Source data -
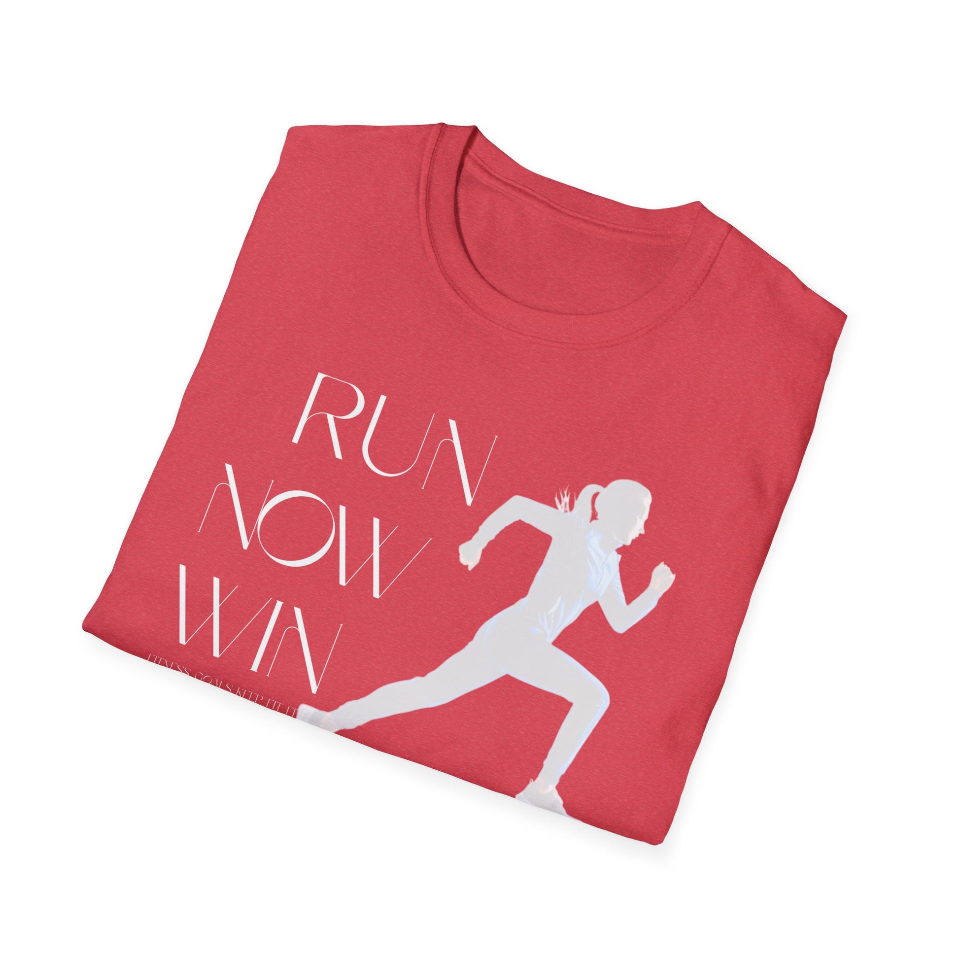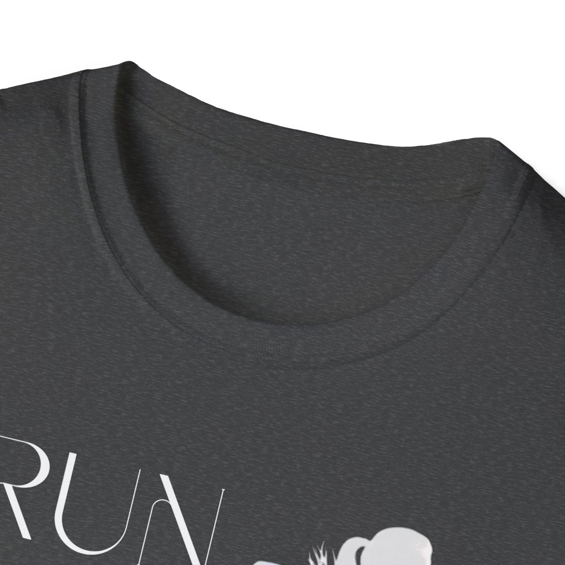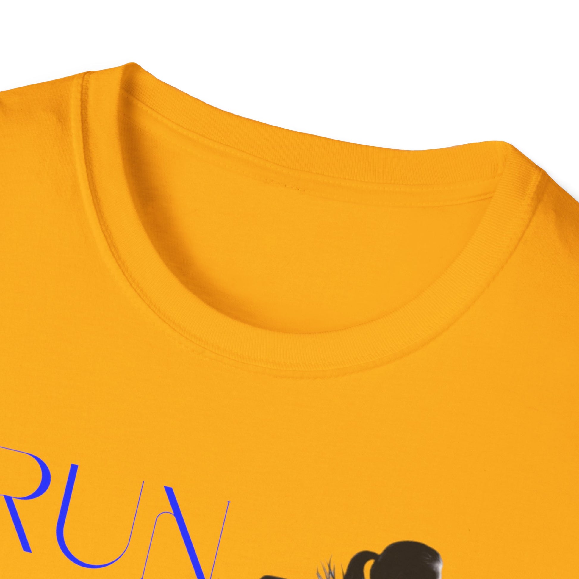 Colourfull flowery gym t-shirt illustration of a lady jogging in a tracksuit.
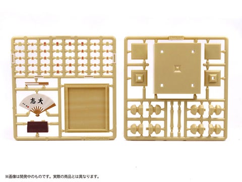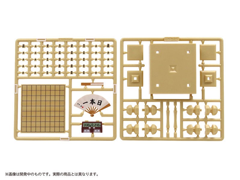 フルカラー印刷を施した塗装不要のプラキットで、小さな将棋盤セットが再現されています。
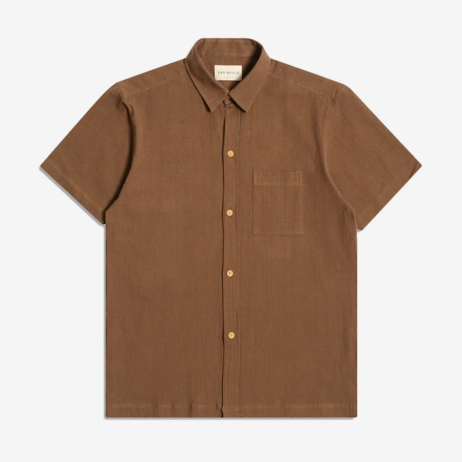 For fans of subtle yet sublime detail, the Costa Shirt is made from a delightfully textured, 100% BCI cotton seersucker. Featuring wooden buttons, a classic collar, square chest pocket, and square hem with side vents for added comfort. Finished with a woven brand tab on left seam.
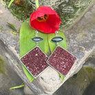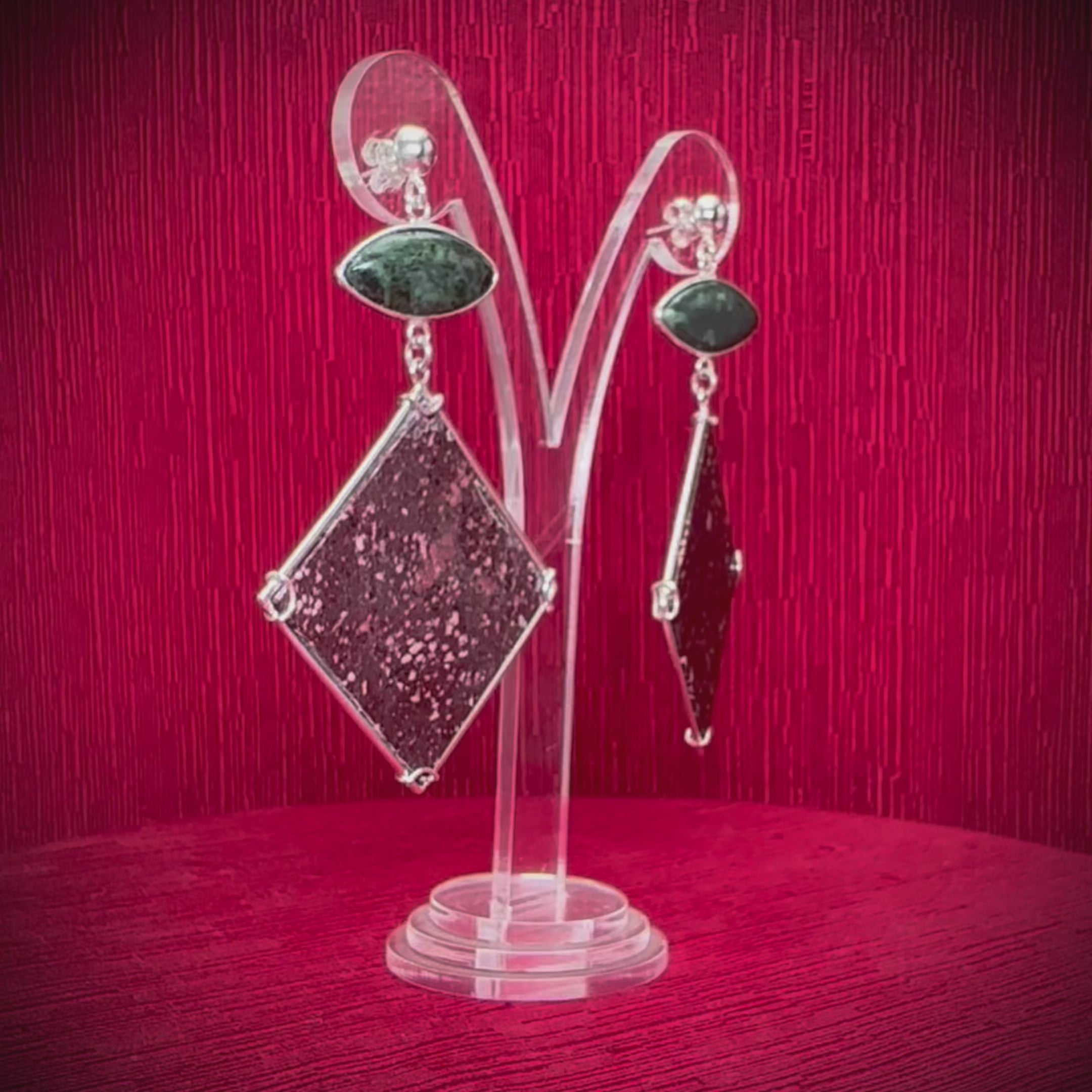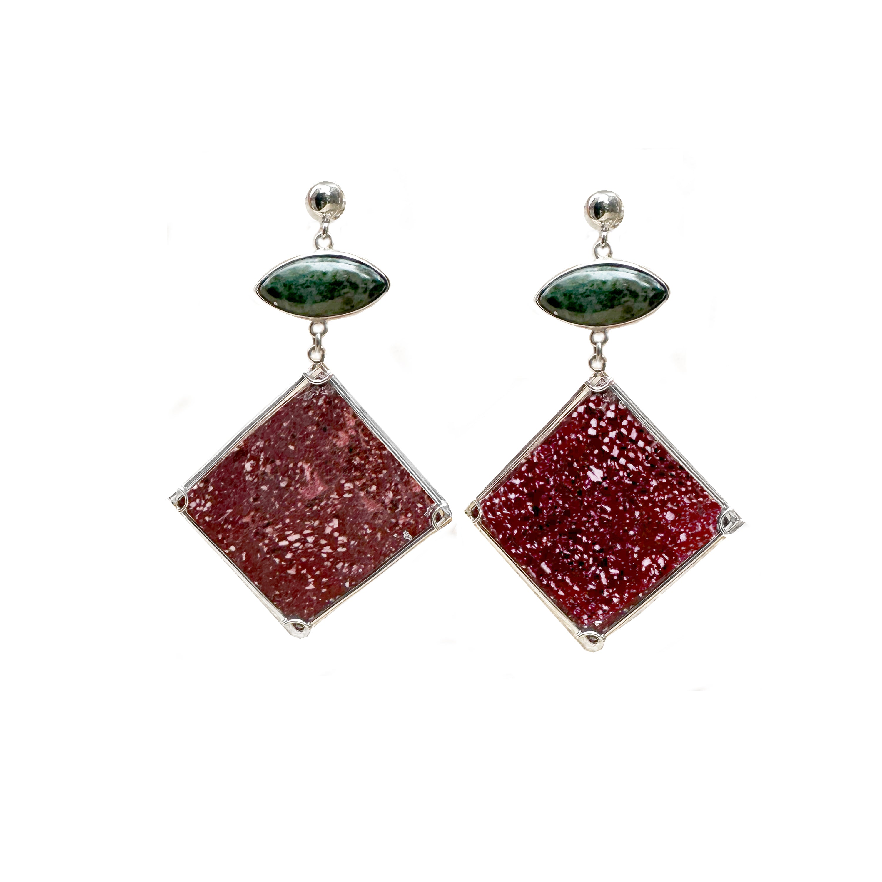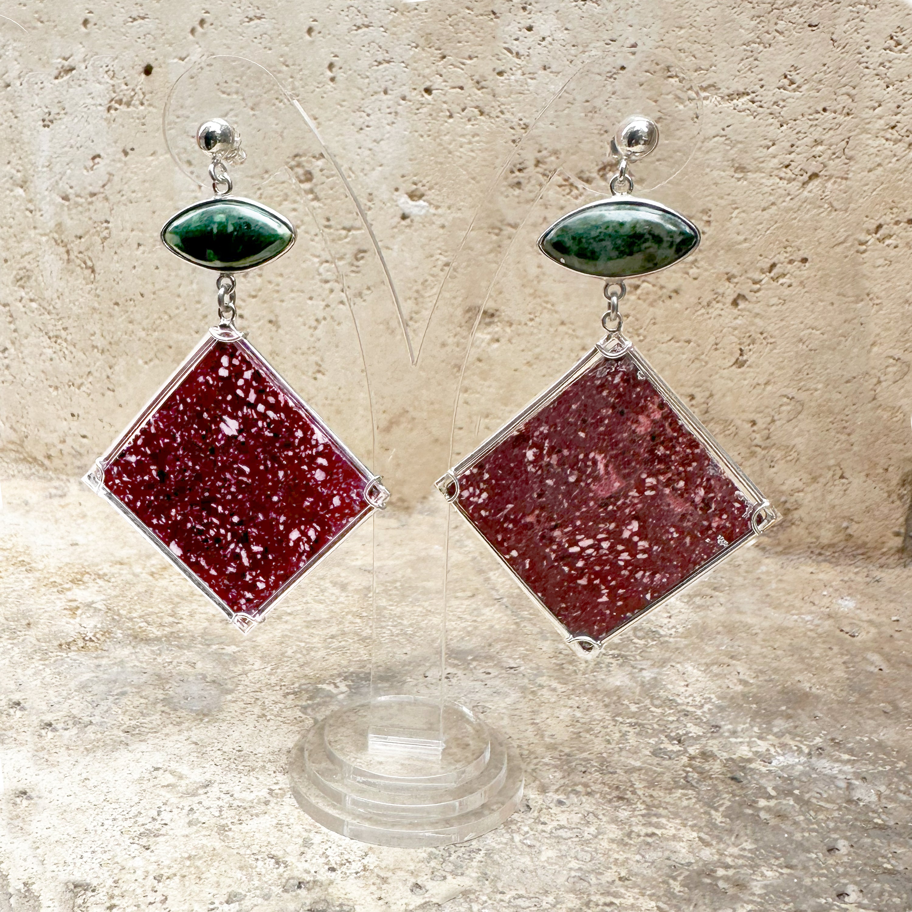 Green Greek Serpentino and Red Roman Porphyry Marbles Sterling Silver Earrings

Task details - Output all of the data exactly. Skip the pictures.

Solved exercise -
 Colourfull flowery gym t-shirt illustration of a lady jogging in a tracksuit.
 フルカラー印刷を施した塗装不要のプラキットで、小さな将棋盤セットが再現されています。
 For fans of subtle yet sublime detail, the Costa Shirt is made from a delightfully textured, 100% BCI cotton seersucker. Featuring wooden buttons, a classic collar, square chest pocket, and square hem with side vents for added comfort. Finished with a woven brand tab on left seam.
 Green Greek Serpentino and Red Roman Porphyry Marbles Sterling Silver Earrings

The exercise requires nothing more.